Doesn't seem to fit, or I just can't figure it out. Needs two functions 
to get rid of the table:

f1(0, 1) = 2
f1(0, 2) = 0
f1(0, 3) = 2
f1(1, 0) = 0
f1(1, 2) = 2
f1(1, 3) = 1
f1(2, 0) = 2
f1(2, 1) = 0
f1(2, 3) = 0
f1(3, 0) = 1
f1(3, 1) = 1
f1(3, 2) = 1

and:

f2(0, 1) = 1
f2(0, 2) = 0
f2(0, 3) = 1
f2(1, 0) = 0
f2(1, 2) = 1
f2(1, 3) = 2
f2(2, 0) = 1
f2(2, 1) = 0
f2(2, 3) = 0
f2(3, 0) = 2
f2(3, 1) = 2
f2(3, 2) = 2

A weekend math puzzle for someone? :)

Regards,

Tvrtko
Dave Gordon July 19, 2016, 6:38 p.m. UTC | #9
On 15/07/16 14:13, Tvrtko Ursulin wrote:
>
> On 29/06/16 17:00, Chris Wilson wrote:
>> On Wed, Jun 29, 2016 at 04:41:58PM +0100, Tvrtko Ursulin wrote:
>>>
>>> On 29/06/16 16:34, Chris Wilson wrote:
>>>> On Wed, Jun 29, 2016 at 04:09:31PM +0100, Tvrtko Ursulin wrote:
>>>>> From: Tvrtko Ursulin <tvrtko.ursulin@intel.com>
>>>>>
>>>>> Replace per-engine initialization with a common half-programatic,
>>>>> half-data driven code for ease of maintenance and compactness.
>>>>>
>>>>> Signed-off-by: Tvrtko Ursulin <tvrtko.ursulin@intel.com>
>>>>
>>>> This is the biggest pill to swallow (since our 5x5 table is only
>>>> sparsely populated), but it looks correct, and more importantly
>>>> easier to
>>>> read.
>>>
>>> Yeah I was out of ideas on how to improve it. Fresh mind needed to
>>> try and spot a pattern in how MI_SEMAPHORE_SYNC_* and GEN6_*SYNC map
>>> to bits and registers respectively, and write it as a function.
>>
>> It's actually a very simple cyclic function based on register
>> offset = base + (signaler hw_id - waiter hw_id - 1) % num_rings.
>>
>> (The only real challenge is picking the direction.)
>>
>> commit c8c99b0f0dea1ced5d0e10cdb9143356cc16b484
>> Author: Ben Widawsky <ben@bwidawsk.net>
>> Date:   Wed Sep 14 20:32:47 2011 -0700
>>
>>      drm/i915: Dumb down the semaphore logic
>>
>>      While I think the previous code is correct, it was hard to follow
>> and
>>      hard to debug. Since we already have a ring abstraction, might as
>> well
>>      use it to handle the semaphore updates and compares.
>
> Doesn't seem to fit, or I just can't figure it out.

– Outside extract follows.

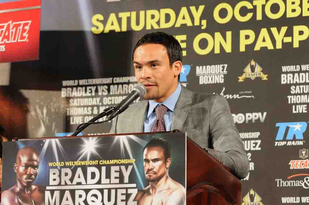 Ahora sí es oficial, Juan Manuel Márquez es rival del invicto campeón welter OMB Tim Bradley y ya hicieron conferencia en Beverly Hill el día 20 para el viernes seguir la propaganda en el corazón de la capital de México.

Needs two functions
> to get rid of the table:
>
> f1(0, 1) = 2
> f1(0, 2) = 0
> f1(0, 3) = 2
> f1(1, 0) = 0
> f1(1, 2) = 2
> f1(1, 3) = 1
> f1(2, 0) = 2
> f1(2, 1) = 0
> f1(2, 3) = 0
> f1(3, 0) = 1
> f1(3, 1) = 1
> f1(3, 2) = 1
>
> and:
>
> f2(0, 1) = 1
> f2(0, 2) = 0
> f2(0, 3) = 1
> f2(1, 0) = 0
> f2(1, 2) = 1
> f2(1, 3) = 2
> f2(2, 0) = 1
> f2(2, 1) = 0
> f2(2, 3) = 0
> f2(3, 0) = 2
> f2(3, 1) = 2
> f2(3, 2) = 2
>
> A weekend math puzzle for someone? :)
>
> Regards,
> Tvrtko

Here's the APL expression for (the transpose of) f2, with -1's filled in 
along the leading diagonal (you need ⎕io←0 so the ⍳-vectors are in origin 0)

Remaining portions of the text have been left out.